Justin Theroux in The Mosquito Coast

How did you come to cast Justin Theroux?

He had to essentially take an asshole and make us like him, and moreover, make us understand why his poor family continue to like him. That is no mean feat for an actor. Especially since Allie’s in almost every scene, and not just in them, but central to them. It was a hell of a feat for Justin to have to pull off. So in some ways, the familial connection wasn’t quite a disadvantage, but I was a bit wary of before I met him. Justin has a profound familial connection not just to the author of the novel, but to the family members upon whom the character was based. And that’s a connection to the source material that is literally in the marrow of his bones, it’s in his DNA, it’s a family thing. And I, for my part, had a very different, but to my mind, no less profound connection with Paul Theroux, who I’d never met, through his novels. Before I met Justin, I was worried that there was the potential for some weird Kramer Vs. Kramer thing. But if anything, I was worried it might be to our disadvantage. When I met Justin, I was very nervous, I was over-caffeinated, I was chain smoking, and the first thing he did was put me completely at my ease, and to talk with great insight about the script. It became very evident very quickly that despite our different approaches, despite our different trajectories towards the material, we saw this new show and this new Allie in the same way.

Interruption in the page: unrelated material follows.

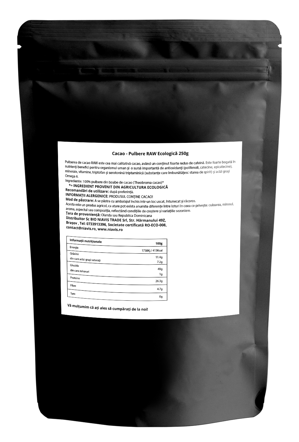 Cacao Pulbere RAW Ecologica/Bio 250g

You had to shut down production during the shoot because of the pandemic. Did you use the delay to work further on the show?

My brain in the great Covid interregnum was pretzeled and pretzeled again. It was like having your skull hit with a meat cleaver every day for nine hours every day for about three months. We were halfway through shooting episode 5 in Mexico City when we had to leave. And everybody, not least of them Apple, went to great efforts to ensure that we could finish the season. Everybody thought that we had something pretty cool, we were quite proud of what we had. And we looked at the possibility of how we could re-mount it. It seemed to be a kaleidoscopically infinite variation of approaches. Are we going to finish in Mexico City? Do we go to the Dominican Republic? Do we find somewhere in Arizona? We talked about the Philippines at one point. I got so desperate that I said, ‘what about New Zealand?’, where I live. It required a lot of re-thinking. But in the end, the only real material difference that we made is that we shortened the season. It was a nine-episode season and it became a seven-episode season. I wrote what was conceived to be the season finale, I wrote one assuming we were filming it in Mexico, one assuming we were filming it in the Philippines, one assuming it would be on a soundstage!

Does that affect your potential plans for Season 2 and onwards?

If there’s one thing I learned from reading Paul Theroux’s travel literature, it’s that you can have a destination in mind, but there is always another route you can take to get there. I know where we’re headed, as to the exact route, that’s to be determined.

Finally, what can you tell us about the future of Luther on the big and small screens?

I can tell you that we’ve got big and exciting news coming soon. I know Idris has kind of mentioned it, so it’s not a massive secret, but we have a thing. You’re going to see more of John Luther pretty soon in a very cool way.

The Mosquito Coast ends its first season on Apple TV+ this Friday.